LSTM architecture [25]

The mathematical representation of the LSTM can illustrated as follows:

$$f_{t} = \sigma \left( {W_{fh} h_{t - 1} + W_{fx} s_{t} + b_{f} } \right)$$
(4)
$$i_{t} = \sigma \left( {W_{ih} h_{t - 1} + W_{ix} s_{t} + b_{i} } \right)$$
(5)
$$\tilde{c}_{t} = \tanh \left( {W_{{\tilde{c}h}} h_{t - 1} + W_{{\tilde{c}x}} s_{t} + b_{{\tilde{c}}} } \right)$$
(6)
$$c_{t} = f_{t} \cdot c_{t - 1} + i_{t} \cdot \tilde{c}_{t}$$
(7)
$$o_{t} = \sigma \left( {W_{oh} h_{t - 1} + W_{ox} s_{t} + b_{o} } \right)$$
(8)
$$h_{t} = o_{t} \cdot \tanh \left( {c_{t} } \right)$$
(9)

where input, recurrent data, and output of each cell at time t can be presented by \(x_{t}\), \(h_{t}\), and \(o_{t}\), respectively. The forget gate is represented by \(f_{t}\), \(c_{t}\) represents the status of the LSTM’s cell.\(W_{f} W_{i}\), \(W_{{\tilde{c}}}\), and \(W_{o}\) represent the network weights, the operator ‘\(\cdot\)’ used for the multiplication of two pointwise vectors and \(b_{f}\), \(b_{i}\), \(b_{{\tilde{c}}}\) are the system’s bias.

3.3 Transformer model

The transformer (TF) paradigm revolutionized sequence modeling and is currently employed in numerous domains, including time series analysis [29]. The TF model successfully captures complicated connections and patterns in sequences, making it helpful for sequence data problems. The TF model uses self-attention to focus on numerous sequence places despite vanishing gradients and other limitations. The self-attention mechanism is crucial to the TF design because it helps the model collect long-range relationships and contextual information. The model describes global connections because the full sequence is taken into account.
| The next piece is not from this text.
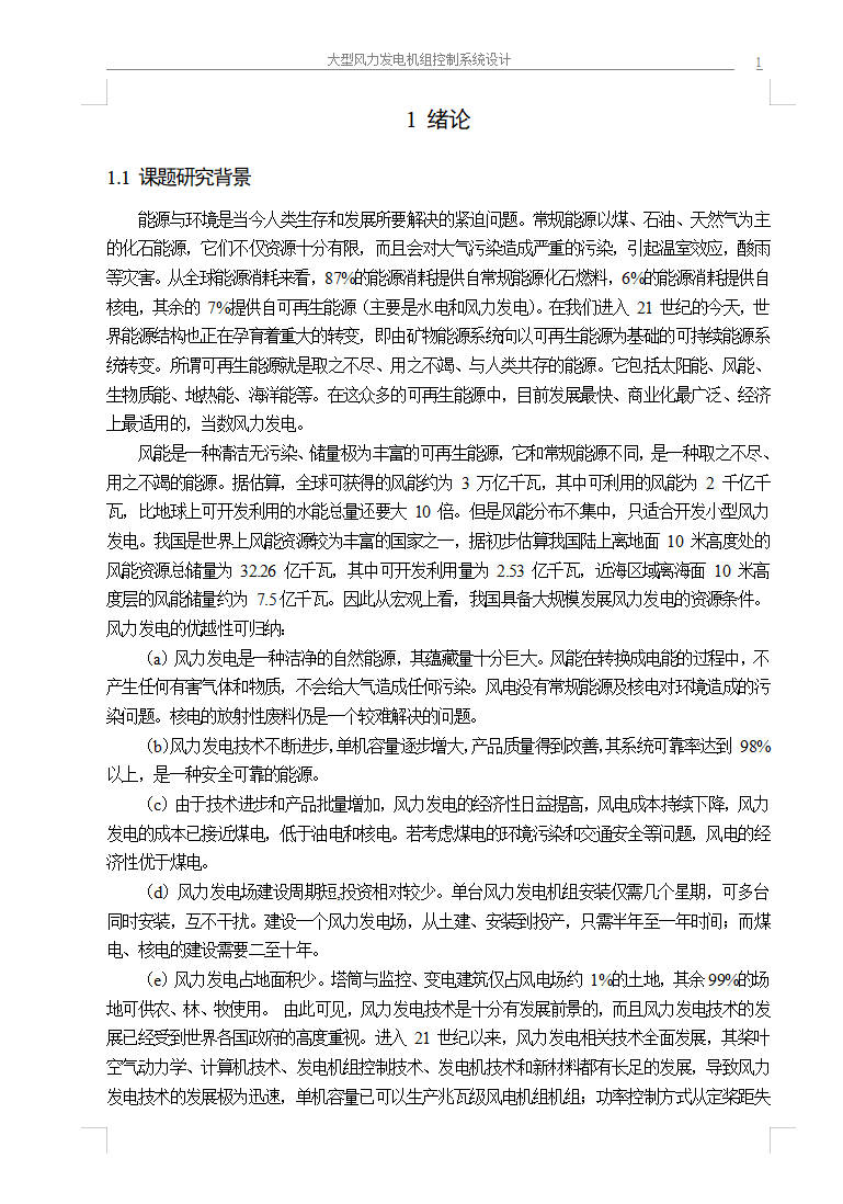 风能是一种清洁、可再生的能源,具有巨大的开发潜力和商业活力。风力发电机组是将风能转化为电能的主要设备,它是风力发电的重要组成部分。而控制系统又是重中之重,不仅要保证机组的正常运行,还要实现风能到电能的最大转换效率。

It accomplishes this through relationship-based weighting of extra elements. The attention mechanism allows the TF model to simultaneously consider short-term and long-term dependencies, making its predictions more accurate and therefore reliable. The self-attention and position wise feedforward neural networks used by the TF model implement nonlinear transformations on each sequence position separately. This enables the model to capture complex sequential patterns and interactions, so that it can learn better and predict more accurately. This also assists that the model understands sequences. Because TF parallelizes training and inference, it is particularly suited to large-scale sequence modeling [29].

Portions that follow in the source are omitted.